Task brief -> Write out all of the records precisely. Skip anything that is a picture.
___ Input records
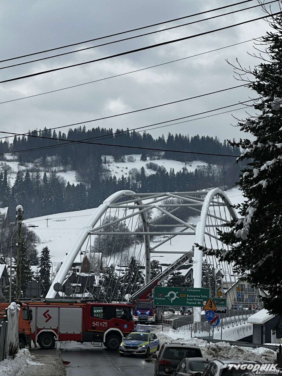 W wyniku gwałtownej odwilży śnieg i lód zalegający na moście zaczął szybko topnieć i stanowił zagrożenie dla samochodów czy pieszych. Na miejsce wezwano strażaków, którzy usuwają śnieg z elementów mostu. Przypomnijmy, że w nocy ma padać deszcz, a w środę temperatura zacznie stopniowo spadać i opady deszczu zaminią sie w opady sniegu.
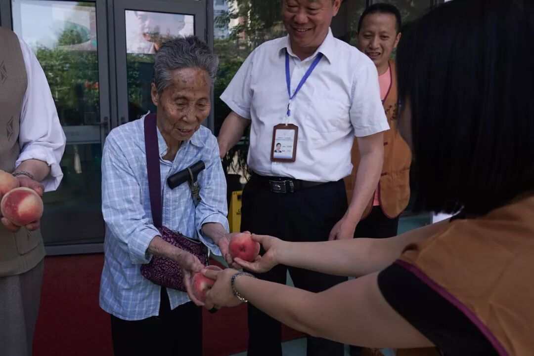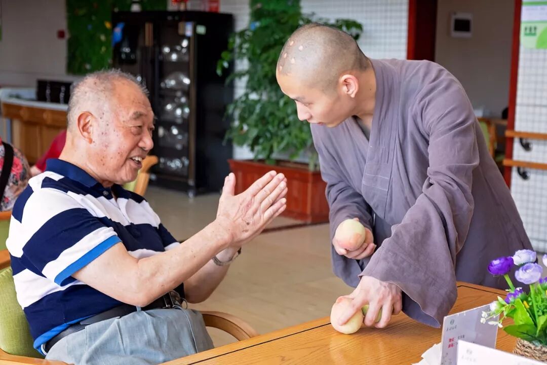 端午节的意义对老人来说,更多在于“陪伴”。通胤法师带领志工走遍每个房间,亲手向每位老人奉桃,并送上节日的祝福。虽然有的老人失能、失智、行动不便,但当法师亲切地关心他们、一起互动时,欣喜的脸上仿佛有了儿时的快乐。一位行动不便的老人,激动地回忆了自己从小在文殊院玩耍长大的故事,最后仍不忘感谢文殊院上一代方丈的慈恩。为表感谢,精通川剧的张奶奶还为法师及志工献唱了《杜十娘》的精彩片段。临别时,法师祝福老人们:“保重身体,保持好的心态,长命百岁、端午安康!”
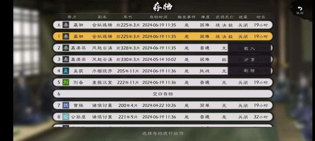 在存档界面点击存档会显示出菜单栏,载入、分享、删除;
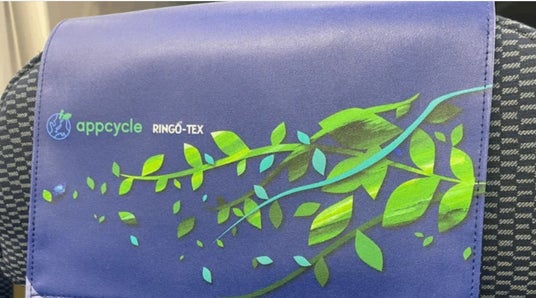 「RINGO-TEX(R)」は、青森県の廃棄りんごや残渣(搾りかすなど)を原料とした環境配慮型の国産合成皮革です。原料の72~74%が廃棄物をアップサイクルしたもので構成されており、従来の合成皮革と比較して石油由来のポリウレタンの使用や、開発・製造、加工、廃棄など各工程でのCO2排出量が少なく、高い強度が特徴です。
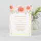 Ouro, coral, pêssego e convites cor-de-rosa do
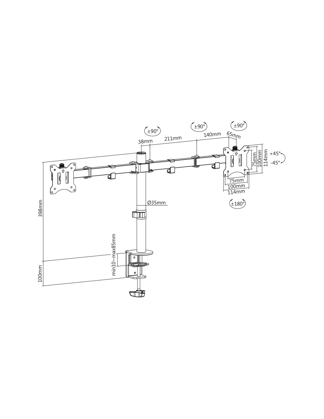 - Apto para dos monitores con un tamaño de 15" a 32"
______
Solution below ->
 W wyniku gwałtownej odwilży śnieg i lód zalegający na moście zaczął szybko topnieć i stanowił zagrożenie dla samochodów czy pieszych. Na miejsce wezwano strażaków, którzy usuwają śnieg z elementów mostu. Przypomnijmy, że w nocy ma padać deszcz, a w środę temperatura zacznie stopniowo spadać i opady deszczu zaminią sie w opady sniegu.
 端午节的意义对老人来说,更多在于“陪伴”。通胤法师带领志工走遍每个房间,亲手向每位老人奉桃,并送上节日的祝福。虽然有的老人失能、失智、行动不便,但当法师亲切地关心他们、一起互动时,欣喜的脸上仿佛有了儿时的快乐。一位行动不便的老人,激动地回忆了自己从小在文殊院玩耍长大的故事,最后仍不忘感谢文殊院上一代方丈的慈恩。为表感谢,精通川剧的张奶奶还为法师及志工献唱了《杜十娘》的精彩片段。临别时,法师祝福老人们:“保重身体,保持好的心态,长命百岁、端午安康!”
 在存档界面点击存档会显示出菜单栏,载入、分享、删除;
 「RINGO-TEX(R)」は、青森県の廃棄りんごや残渣(搾りかすなど)を原料とした環境配慮型の国産合成皮革です。原料の72~74%が廃棄物をアップサイクルしたもので構成されており、従来の合成皮革と比較して石油由来のポリウレタンの使用や、開発・製造、加工、廃棄など各工程でのCO2排出量が少なく、高い強度が特徴です。
 Ouro, coral, pêssego e convites cor-de-rosa do
 - Apto para dos monitores con un tamaño de 15" a 32"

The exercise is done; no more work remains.